Cautionary Tale (KS), Processing Times Update
September 5, 2014 Leave a comment
I assume that immigration lawyers don’t have many would-be immigrants calling up to say “I want to get a CR1 visa. Please help me find a wife.” People understand that marriage and immigration are separate issues. Of course the lawyer who handles your paperwork doesn’t also help you fall in love. The CR1 relative visa grants you benefits based on a relationship that you have entered into, but the marriage decision is obviously separate from and prior to the immigration process.
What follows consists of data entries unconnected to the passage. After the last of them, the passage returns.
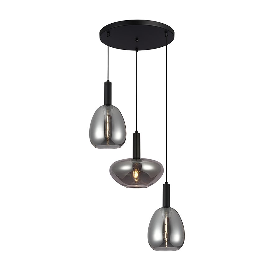 Τρίφωτο κρεμαστό φωτιστικό σε ροζέτα κατασκευασμένο από χειροποίητα γυαλιά σε χρώμα φιμέ και μέταλλο σε μαύρο ματ.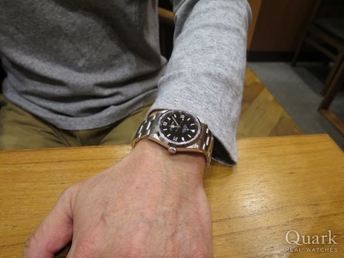 T様、この度はクォーク神戸店をご利用頂きまして誠に有難うございました。ご購入頂きましたモデル、Ref.116900は、これまでミルガウスだけに採用されていたCal.3131を搭載し、2016年に満を持して復活を遂げた現行エアキングです。機械的な部分だけではなく、デザインも一新され、とてもお洒落になっております。実用性抜群の帯磁モデルですので、様々な場面でお使い頂ける事と存じます。T様にとてもお似合いでございました。末永くご愛用頂けましたら幸いです。今後もご指名頂けるようしっかりとサポートさせて頂きますので、何かご要望などございましたら私井内までお申し付け下さいませ。また、ブレスレットの洗浄及び調整も無料で行っておりますので、お近くに来られた際には是非遊びにいらして下さい。心よりお待ちしております。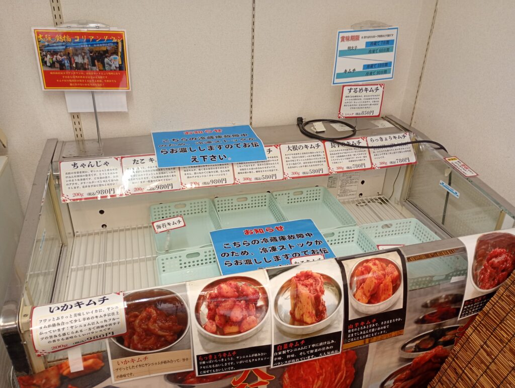 店の奥に冷蔵庫があり、こちらにキムチが並んでいるはずなのですが、今は故障中とのことなのでレジ奥の冷蔵庫に在庫を避難させているそうです。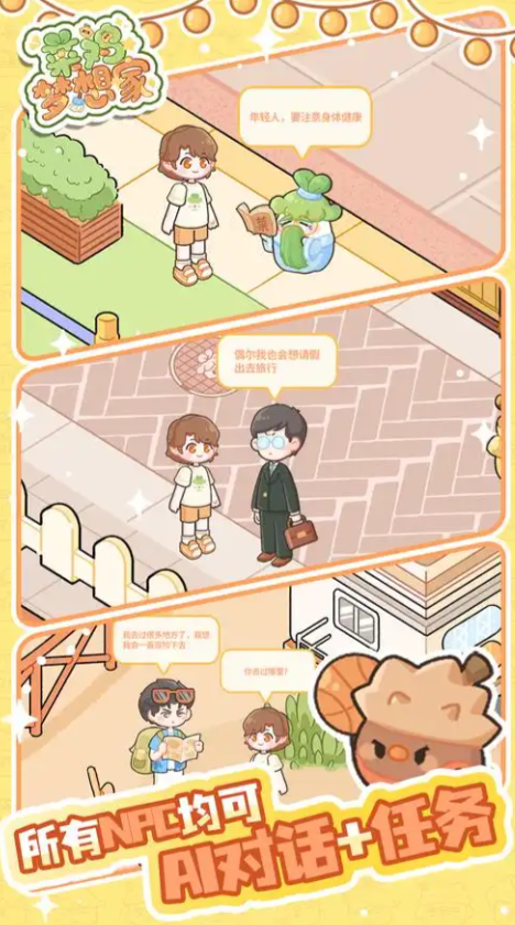 除驿站经营外,玩家可自由漫步于小镇街道,与数十位拥有独立背景设定与行为逻辑的NPC互动。每次有效对话不仅推动人物关系发展,还可能触发隐藏委托任务。成功完成指定目标后,系统将发放金币奖励或限定款家居装饰道具,用于个性化布置自有住宅。建造系统支持自由摆放、组合与升级家具,让每位玩家的小屋都呈现独特风格。
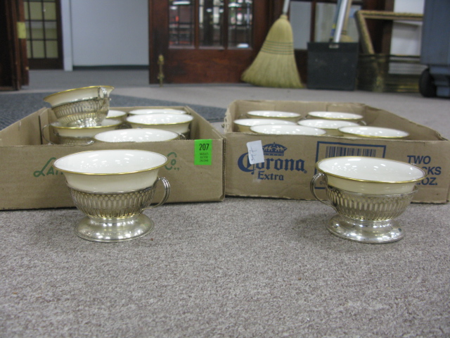 Set of fifteen sterling cups with Lenox inserts, nine of one size, six of one size, one with a rim chip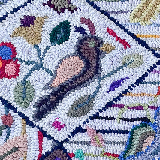 This work of art was designed and crafted by Hilda Raquel García Tzunún de Tumax, member of the Totonicapán rug hooking group. This piece is unique, and the design is the result of the artist’s creative vision.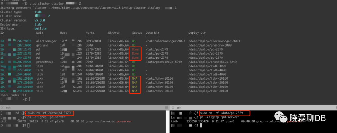 这一步是删除旧的数据目录,现在所有PD集群节点都已经down,并且数据目录都已经被我删除。

When all this is clear for an immigrant spouse, why do immigrant investors get confused? Immigration lawyers do often hear the request “I want to get an EB-5 visa. Please help me find an investment.” Apparently many people do not understand that, in the US, the investment decision and the immigration decision are separate. The lawyer who handles your immigration paperwork is not placed or qualified to select a good investment for you. Neither is USCIS. The EB-5 visa grants you benefits based on an investment decision that you have made, and that decision involves factors that are separate from immigration considerations. Potential immigrant investors, take note! Investing half a million or a million dollars is a serious matter in itself, just as getting married is a serious matter in itself. These are not fundamentally immigration matters, even when they provide a basis for a visa later. Get advice from people who know about investing or who know about marriage. Go on lots of dates, talk about everything, meet the family, see a marriage counselor. Research the investment opportunity and the principals and get qualified investment advice. If you skip all that and just focus on immigration, you’re missing the point and are very vulnerable to getting hurt by your marriage or by your investment decision.
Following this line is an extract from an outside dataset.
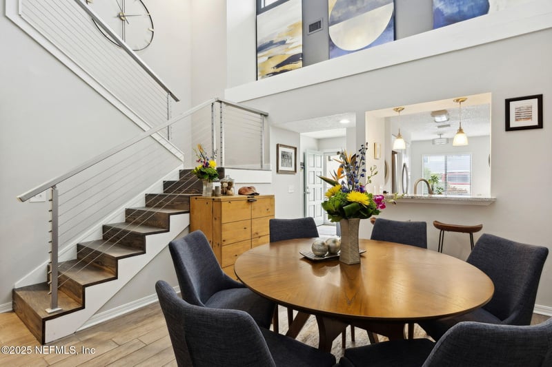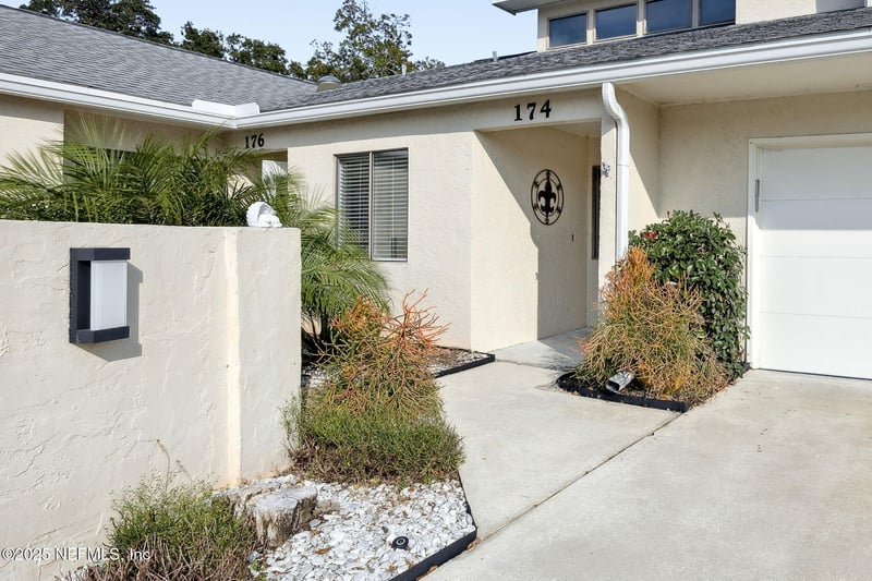 Listing details for 174 La Pasada Cir, Ponte Vedra Beach, FL 32082 : Meticulously updated Ponte Vedra Beach home in sought-after Village of Solano. This 3 bedroom, 2 ½ bathroom townhome blends classic and modern styles. Updated kitchen with stainless appliances, granite countertops and breakfast nook. The great room features a spacious dining/living area and wood burning fireplace. The vaulted ceiling leads to clerestory windows that flood the home with light. The primary bedroom features an en-suite bathroom, custom walk-in shower and walk-in closet. Wood-look tile floors throughout the main floor. Access the screened-in lanai from both the great room and primary bedroom. The garage features a Shark Coating floor and EV charging outlet. Hardwood floors throughout the 2nd floor and staircase with modern cable railings. Two bedrooms, with custom walk-in closets and updated bathroom complete the second floor. Walk to the beach. Shopping, dining, TPC, are just minutes away from this gated community with a club house, pool, and tennis court. Low HOA fee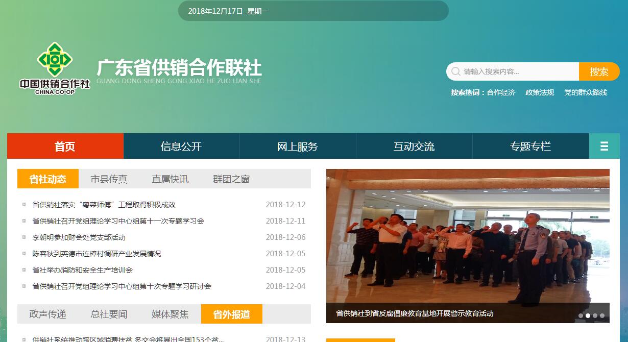 广东省供销合作联社是全省供销合作社的联合组织,由省政府领导,参照国家公务员法管理。广东省供销合作联社设立理事会、监事会,实行理事会主任负责制,内设处室8个,直属学校3所,直属全资及控股企业9家。广东省供销合作联社的前身是广东省合作总社,成立于1951年2月,1954年10月改名为广东省供销合作社,1958年3月与广东省服务厅合并为广东省第二商业厅(保留供销合作社名义),同年6月广东省第一、第二商业厅合并,成立广东省商业厅(对外仍保留供销合作社名义)。1961年9月广东省供销合作社与广东省商业厅分署办公。“文革”初期,广东省供销合作社再次合并到广东省商业厅,1975年5月又与广东省商业厅分署办公,1983年7月,第三次合并到省商业厅,1985年4月,第三次从省商业厅划出,单独建制,但不再作为国家行政机构,对所属各级供销联合社负有组织、协调、监督和提供服务的责任。经过多年来的改革发展,全省供销合作社正在从传统经营方式向现代流通业态转变,从单纯购销业务向综合经营服务转变,从单一供销合作向多领域全面合作转变,成为经营性服务功能充分发挥、公益性服务作用不断体现的新型合作经济组织。全省供销合作社系统现有地级以上市供销合作社20个、县(市、区)级供销合作社101个,乡镇基层供销合作社1107个。2017年底,全省系统资产总额为440亿元,所有者权益112.4亿元;正常经营企业1023家,发展农民合作社3453家,各类行业协会155个,经营网点3.4万个,从业人员9.5万人。2017年,全省系统实现销售总额777.5亿元,实现利润总额7.9亿元。其中省供销社本级企业销售总额和利润总额分别为216.3亿元和2.7亿元,创历史同期最好水平。当前,全省供销合作社系统正深入学习习近平新时代中国特色社会主义思想和党的十九大精神,认真贯彻落实党中央、国务院,省委、省政府和全国供销合作总社的工作部署,坚持为农服务根本宗旨,坚持合作经济基本属性,坚持社会主义市场经济改革方向,按照“立足三农,服务城乡;担当责任,防范风险;正本清源,企业为重;联合发展,共享利益”的工作思路,以全面深化综合改革为引领,以密切与农民利益联结为核心,以提升为农服务能力为根本,以强化基层社和创新联合社治理机制为重点,按照政事分开、社企分开的方向,因地制宜推进体制改革和机制创新,加快建成适应社会主义市场经济需要、适应城乡发展一体化需要、适应中国特色农业现代化需要的组织体系和服务机制,努力成为服务农民生产生活的生力军和综合平台,奋力开创广东供销合作事业新局面。其主要职能是:研究制定供销合作社的发展战略和发展规划,指导供销合作社的改革和发展;对政府授权和有关部门委托经营的商品进行组织、协调管理;协调有关部门的关系,指导供销合作社的业务活动,引导农民发展商品生产,发展农业产业化;组织开展对外经济、贸易、技术交流;宣传党中央、国务院、省委和省政府有关农村经济工作的方针政策,指导供销合作社加强精神文明建设;代表全省供销合作社参与全国总社的各项活动,承办省委、省政府和全国总社交办的其他事项。

The news this week reminds us of what can happen. See the SEC’s notice “SEC Charges L.A.-Based Immigration Attorneys With Defrauding Investors Seeking U.S. Residency” and a more detailed article in the local news “Three charged by SEC in western Kan. ethanol scheme.” It’s hard to tell whether this started out a fraud or just as incompetence/bad luck that spiraled into fraud, but either way I don’t think this could have happened if the victims involved had recognized that EB-5 investment decisions require serious attention and diligence, and that one should not depend on immigration consultants to advise on much less to manage investments. At the same time, the perpetrators might not have dared so much had they taken the investment angle of EB-5 seriously. Maybe the perpetrators thought that EB-5 is just an immigration program and they were free to do what they wanted so long as not caught by USCIS review. Now the heavy hand of the Securities and Exchange Commission is on them, reminding them that EB-5 investments are investments and regulated and policed as such, regardless of the immigration angle.
In other news, IPO processing times have been updated on the USCIS Processing Time Information page, with little change since last update.